Restate the records below word for word, and omit the images they hold.

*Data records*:
★ ★ ★ ★ ★

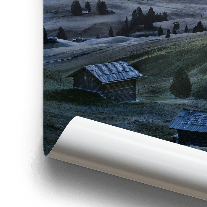 Bestelle dieses Landschafts-Wandbild Seiser Alm in den Dolomiten von Voss Fine Art Fotografie als Reproduktion auf Leinwand, Alu-Dibond, als Poster, Fototapete oder Acrylglasbild.
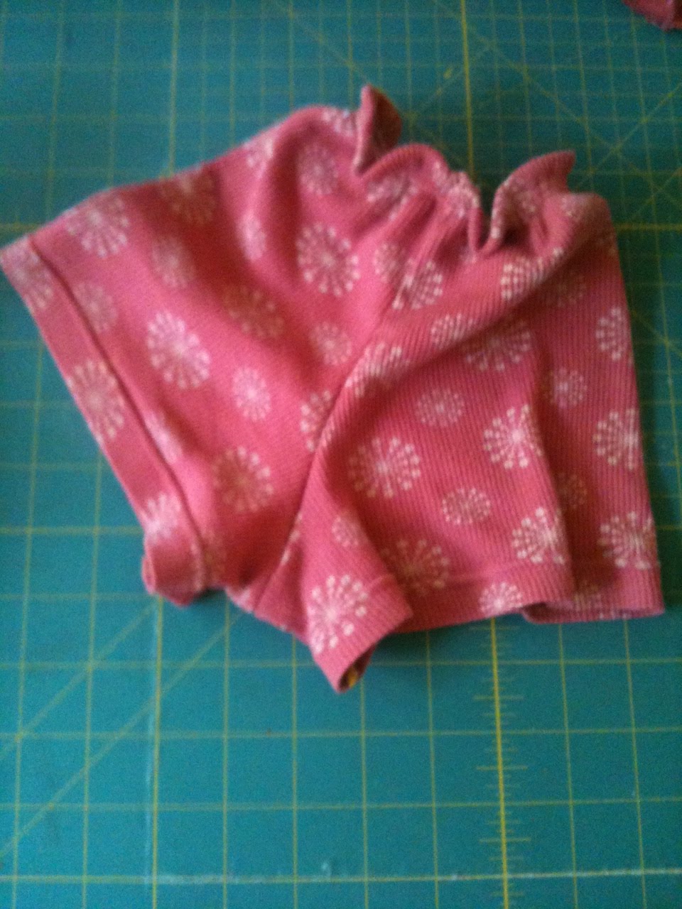 Turn right side out. Fold over the top, to the inside, and use elastic thread to shir through the fold, gathering the waist. I went around 2.5 times, and then my bobbin was empty, and the Bean didn’t want to wait for me to wind a new bobbin. So these aren’t tooooo shirred, but they’re shirred enough to stay up.
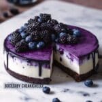 This Gothic Blueberry Cheesecake combines a creamy, classic cheesecake base with a dramatic dark blueberry topping for a stunning dessert. Perfect for impressing guests or enjoying a special treat, its rich flavors and eye-catching look make it truly unforgettable.
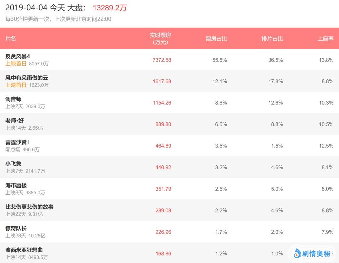 (数据来源猫眼专业版,截止至2019年4月4日22:00)
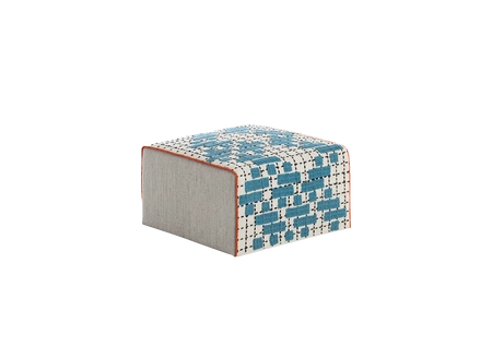 Puff Bandas Small brands GAN Rugs, designed by Patricia Urquiola, is a unique piece of furniture that combines modern design with traditional craftsmanship. It is part of the modular Bandas collection, which allows you to create flexible and personalized arrangements in living spaces. Each piece is made by hand on a loom and finished with embroidery and crochet by artisans in India, highlighting its unique character.
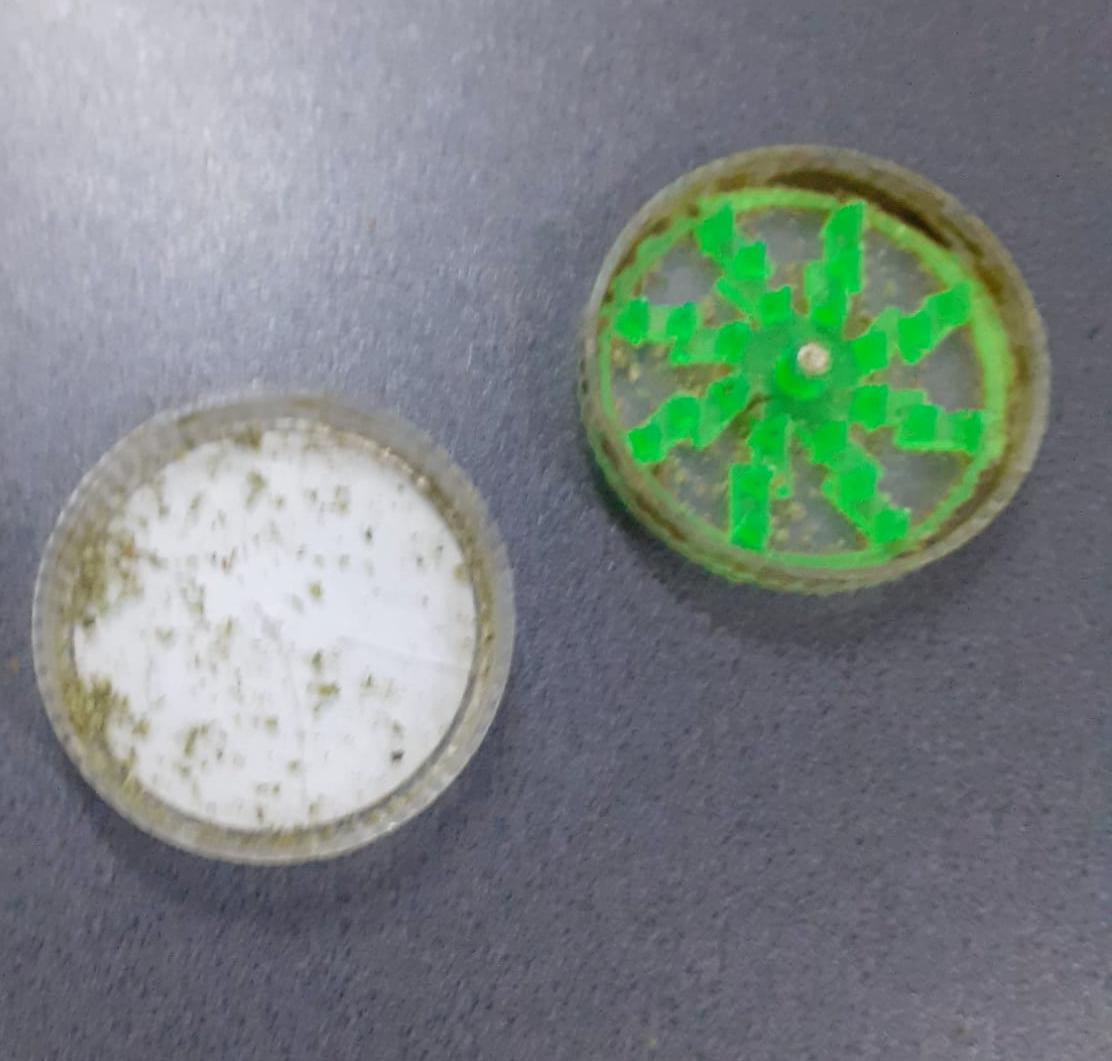 În urma verificărilor, au fost găsite două bile ce conțineau materie vegetală uscată de culoare verde, susceptibilă a avea efect psihoactiv/psihotrop, un grinder pentru mărunțirea acestei materii vegetale, filtre și hârtie pentru fabricarea țigărilor.
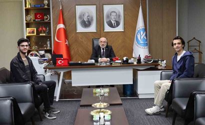 Kayseri Üniversitesi (KAYÜ) Teknik Bilimler Meslek Yüksekokulu Elektronik Teknolojisi Programı'ndan öğrenciler Taha Şaş ve Erdem Özrendeci, Rektör Prof. Dr. Kurtuluş Karamustafa'yı makamında ziyaret etti.
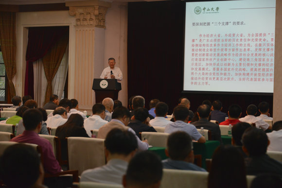 會上,陳春聲書記作了題為“在新的起點(diǎn)上再創(chuàng)新局”的輔導(dǎo)報(bào)告。他首先傳達(dá)了習(xí)近平總書記對廣東工作的重要批示和全省市廳級主要領(lǐng)導(dǎo)干部學(xué)習(xí)貫徹習(xí)近平總書記重要批示精神專題研討班會議精神。他指出,要充分認(rèn)識習(xí)近平總書記重要批示的重大意義,從廣東發(fā)展的關(guān)鍵時刻看,習(xí)近平總書記的重要批示是廣東改革發(fā)展進(jìn)程中具有里程碑意義的大事;從廣東發(fā)展戰(zhàn)略的全局看,重要批示是統(tǒng)領(lǐng)全省工作的重要指針和行動指南;從與實(shí)踐結(jié)合的角度看,重要批示是總書記治國理政新理念新思想新戰(zhàn)略在廣東的展開和具體化,是實(shí)事求是運(yùn)用中國特色社會主義理論指導(dǎo)發(fā)展實(shí)踐的光輝典范。貫徹落實(shí)習(xí)近平總書記重要批示,核心在于深刻把握習(xí)近平總書記重要批示的精神實(shí)質(zhì),其中,“四個堅(jiān)持”是廣東改革發(fā)展的旗幟和原則,“三個支撐”是廣東的使命擔(dān)當(dāng)和發(fā)展路徑,“兩個走在前列”是廣東改革發(fā)展的奮斗目標(biāo)。三者有機(jī)聯(lián)系,相輔相成,層層遞進(jìn),集中體現(xiàn)了對馬克思主義立場觀點(diǎn)方法的自覺運(yùn)用,具有很強(qiáng)的科學(xué)性、真理性、指導(dǎo)性。

★ ★ ★ ★ ★

*Answer to this task*:
 Bestelle dieses Landschafts-Wandbild Seiser Alm in den Dolomiten von Voss Fine Art Fotografie als Reproduktion auf Leinwand, Alu-Dibond, als Poster, Fototapete oder Acrylglasbild.
 Turn right side out. Fold over the top, to the inside, and use elastic thread to shir through the fold, gathering the waist. I went around 2.5 times, and then my bobbin was empty, and the Bean didn’t want to wait for me to wind a new bobbin. So these aren’t tooooo shirred, but they’re shirred enough to stay up.
 This Gothic Blueberry Cheesecake combines a creamy, classic cheesecake base with a dramatic dark blueberry topping for a stunning dessert. Perfect for impressing guests or enjoying a special treat, its rich flavors and eye-catching look make it truly unforgettable.
 (数据来源猫眼专业版,截止至2019年4月4日22:00)
 Puff Bandas Small brands GAN Rugs, designed by Patricia Urquiola, is a unique piece of furniture that combines modern design with traditional craftsmanship. It is part of the modular Bandas collection, which allows you to create flexible and personalized arrangements in living spaces. Each piece is made by hand on a loom and finished with embroidery and crochet by artisans in India, highlighting its unique character.
 În urma verificărilor, au fost găsite două bile ce conțineau materie vegetală uscată de culoare verde, susceptibilă a avea efect psihoactiv/psihotrop, un grinder pentru mărunțirea acestei materii vegetale, filtre și hârtie pentru fabricarea țigărilor.
 Kayseri Üniversitesi (KAYÜ) Teknik Bilimler Meslek Yüksekokulu Elektronik Teknolojisi Programı'ndan öğrenciler Taha Şaş ve Erdem Özrendeci, Rektör Prof. Dr. Kurtuluş Karamustafa'yı makamında ziyaret etti.
 會上,陳春聲書記作了題為“在新的起點(diǎn)上再創(chuàng)新局”的輔導(dǎo)報(bào)告。他首先傳達(dá)了習(xí)近平總書記對廣東工作的重要批示和全省市廳級主要領(lǐng)導(dǎo)干部學(xué)習(xí)貫徹習(xí)近平總書記重要批示精神專題研討班會議精神。他指出,要充分認(rèn)識習(xí)近平總書記重要批示的重大意義,從廣東發(fā)展的關(guān)鍵時刻看,習(xí)近平總書記的重要批示是廣東改革發(fā)展進(jìn)程中具有里程碑意義的大事;從廣東發(fā)展戰(zhàn)略的全局看,重要批示是統(tǒng)領(lǐng)全省工作的重要指針和行動指南;從與實(shí)踐結(jié)合的角度看,重要批示是總書記治國理政新理念新思想新戰(zhàn)略在廣東的展開和具體化,是實(shí)事求是運(yùn)用中國特色社會主義理論指導(dǎo)發(fā)展實(shí)踐的光輝典范。貫徹落實(shí)習(xí)近平總書記重要批示,核心在于深刻把握習(xí)近平總書記重要批示的精神實(shí)質(zhì),其中,“四個堅(jiān)持”是廣東改革發(fā)展的旗幟和原則,“三個支撐”是廣東的使命擔(dān)當(dāng)和發(fā)展路徑,“兩個走在前列”是廣東改革發(fā)展的奮斗目標(biāo)。三者有機(jī)聯(lián)系,相輔相成,層層遞進(jìn),集中體現(xiàn)了對馬克思主義立場觀點(diǎn)方法的自覺運(yùn)用,具有很強(qiáng)的科學(xué)性、真理性、指導(dǎo)性。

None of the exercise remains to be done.